→ **To do**: Apart from the images, the entire listing below must be restated word for word.

→ **Data provided**:
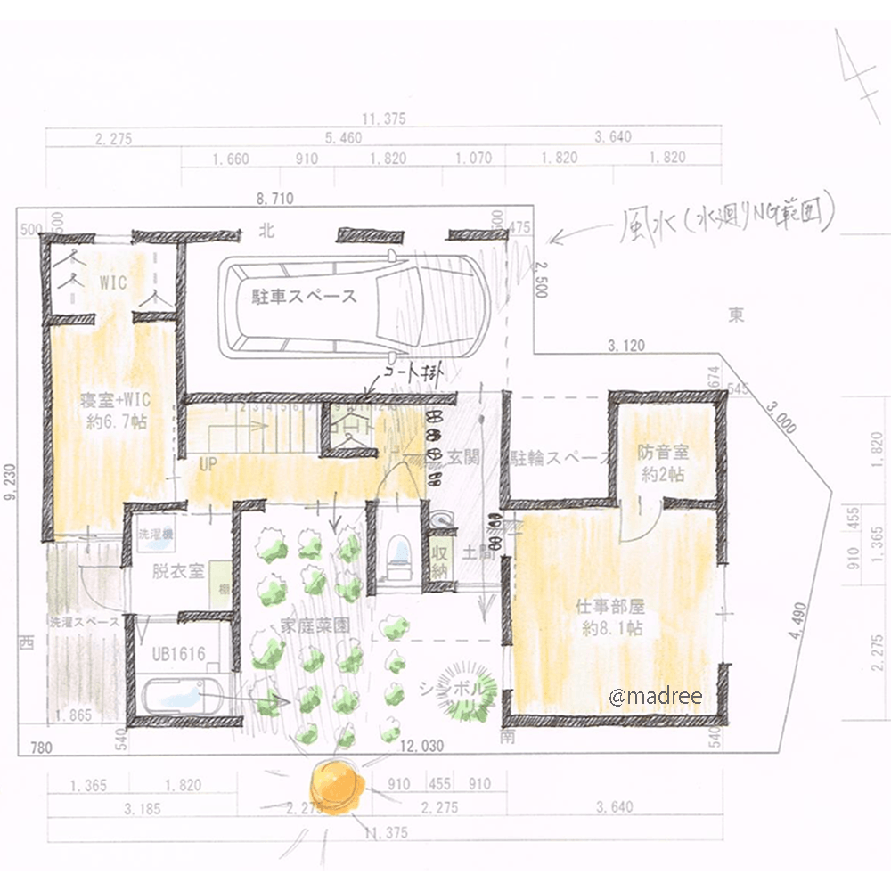 ・家庭菜園は、日が当たりの良い南北に奥行を取って計画しました。
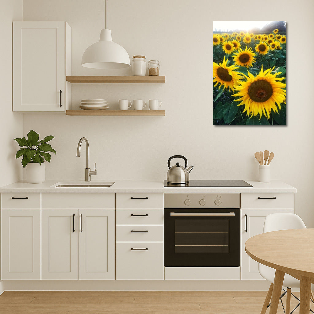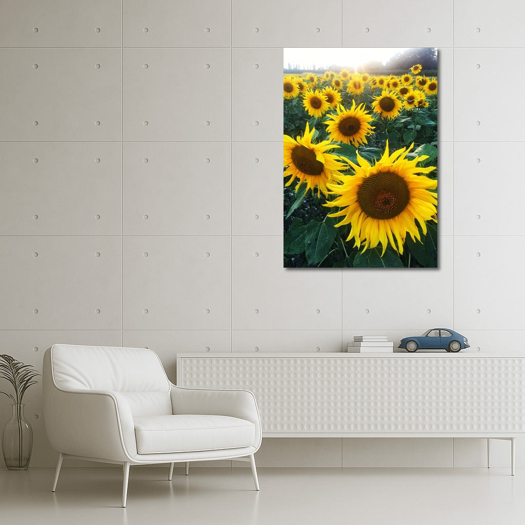 Vibrant wall art: A field of sunny sunflowers will brighten up your interior. This poster is a breath of summer in your home. See more from the collection: Flowers Art
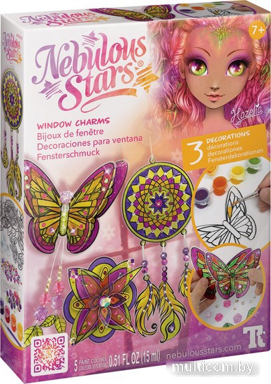 | Информация | ? Набор для творчества Nebulous Stars Hazelia позволит вам создать три очаровательных витража, узнать историю звездочки и её подружки Эланы, а также познакомиться с их философией. ? Соберите понравившийся витраж, используя специальные заготовки из набора, раскрасьте его по своему вкусу и украсьте стразами. ? С помощью присоски поделка крепится к окну, наполняя комнату волшебными переливами и космической гармонией мира звездочки Hazelia. |
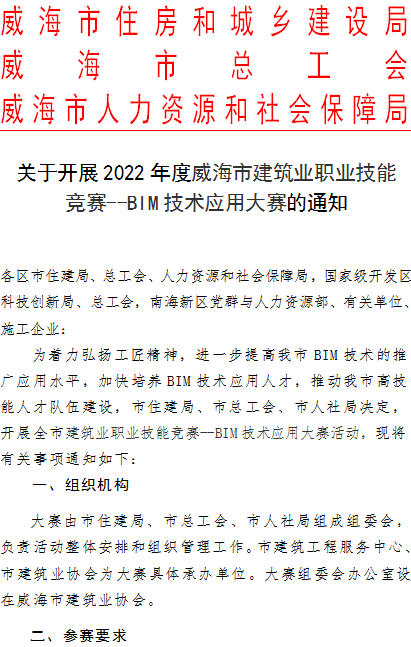 >關(guān)于開展2022年度威海市建筑業(yè)職業(yè)技能競賽--BIM技術(shù)應(yīng)用大賽的通知

→ **Task answer**:
 ・家庭菜園は、日が当たりの良い南北に奥行を取って計画しました。
 Vibrant wall art: A field of sunny sunflowers will brighten up your interior. This poster is a breath of summer in your home. See more from the collection: Flowers Art
 | Информация | ? Набор для творчества Nebulous Stars Hazelia позволит вам создать три очаровательных витража, узнать историю звездочки и её подружки Эланы, а также познакомиться с их философией. ? Соберите понравившийся витраж, используя специальные заготовки из набора, раскрасьте его по своему вкусу и украсьте стразами. ? С помощью присоски поделка крепится к окну, наполняя комнату волшебными переливами и космической гармонией мира звездочки Hazelia. |
 >關(guān)于開展2022年度威海市建筑業(yè)職業(yè)技能競賽--BIM技術(shù)應(yīng)用大賽的通知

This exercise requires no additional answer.